Note: If you ever use golangs encoding/json to handle Marshalling and Unmarshaling of the Json files yourself, note that you need to name your variables with Uppercase Letters. Go uses Uppercase/Lowercase to distinguish if your variable or function are public or private. Naming only the struct with Uppercase is not enough and if you do not do this, the inbuilt json.Marshal() and json.Unmarshal() functions will not work, as well as some other quirks if you use external functions and pointers.

Once these values have been aggregated by IP Address, we can see how often which IP has failed to auth on our SSH server and how often it has been Banned and Unbanned.

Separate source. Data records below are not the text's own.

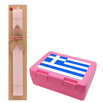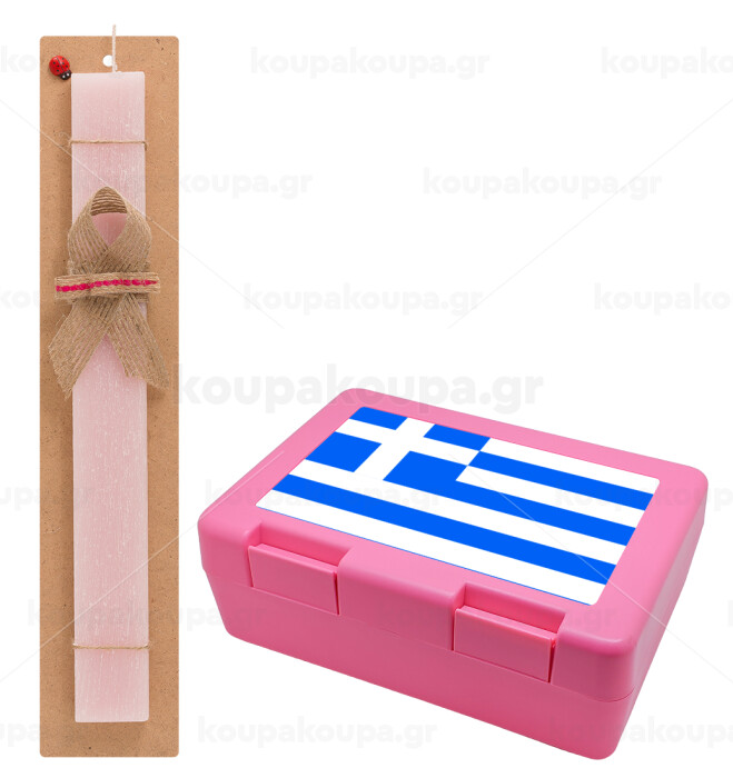 Greece flag, Πασχαλινή Λαμπάδα με παιδικό δοχείο κολατσιού ΡΟΖ & κερί αρωματικό πλακέ (30cm) (ΡΟΖ)
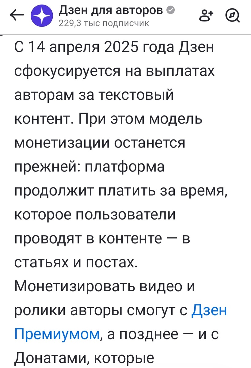 Именно так я начинала каждое своё видео. Теперь же я в растерянности. С сегодняшнего дня Дзен прекратил монетизировать видео-ролики и будет платить только за текстовой формат контента. Прилагаю скриншоты из статьи Дзена.
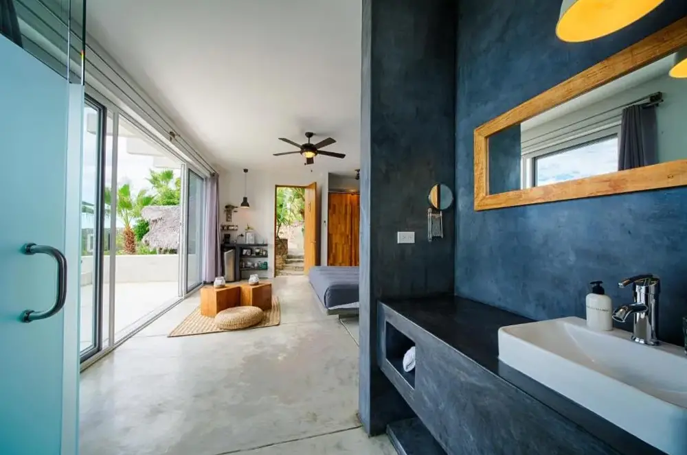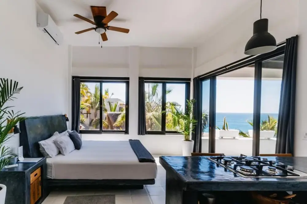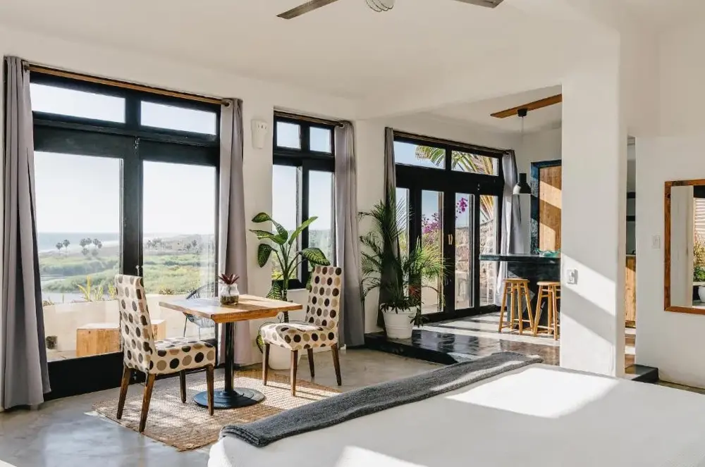 More information about Todos Santos Boutique HotelPuerto San Carlos Bay House & Tours offers a unique coastal retreat in San Carlos, Baja California, Mexico. Located along the Pacific coast, this property features a spacious second-floor studio suite with a large terrace providing panoramic ocean views. Guests can enjoy sunrise and sunset vistas from the private balcony while soaking in the tranquil ambiance of the seaside setting.

For extra information I have implemented a simple script to query the source country of the IP Address. This is done easily with public apis like ipadress.com. Although this is nice information to have, it is not 100% correct, as IP addresses change and on the day we query it does not have to belong to the same user 10 or more days ago when the log found it.²

Visualising ##

Static ###

I am a big sucker for Data Science and have used Python for most of my time Developing “Software”. The first tool which comes to mind when thinking of visualising data is pythons matplotlib. I have used this in all Data Science adjacent project, all through to my Bachelors Thesis. Therefore I was happy to find out go had a similar package out there. For this I have used gonum/plot. With it I created a simple wrapper function for creating bar plots, and collected all relevant data from our analytics steps. The most amount of individual IPs comes from China with a total count of 180 Individual IP Addresses. Taking a look at the most amount of bans, the chart looks like this:

Ban by IP Chart

Interestingly the IPs from Netherlands are leading the race in trying to connect and authentificate on my VPS.

Dynamic ###

A few days later I looked at this and decided I want to integrate it into a Dashboard and have my data shown to me live. In order to do this I rewrote the parsing function so that it tracks the last byte it read in the log file. Now I can automate the syncing of the logs from my VPS and running my log parser in a LXC Container in which I deployed Grafana. Through Grafana I setup JSON Files as a Data Source (also needed to set up a simple python http server to serve the parsed json through REST API) and started creating a Dashboard.

Final Grafana Dashboard

All in all an interesting short project. One day I will give myself the challenge to optimize the code as much as possible.

Post Scriptum #

No text, images, code, concepts or ideas were created with Slop Generators³. Although I do not believe that Slop Generators are inherently bad nor do I believe that they cannot be used in a productive matter (as do I in some cases), everything I write on here are things which genuinely interest me and I want to create and work on by myself. I believe a person can only become better at the thing they are doing if they do not constantly search for instant gratification, which is often given to one when using Slop Generators.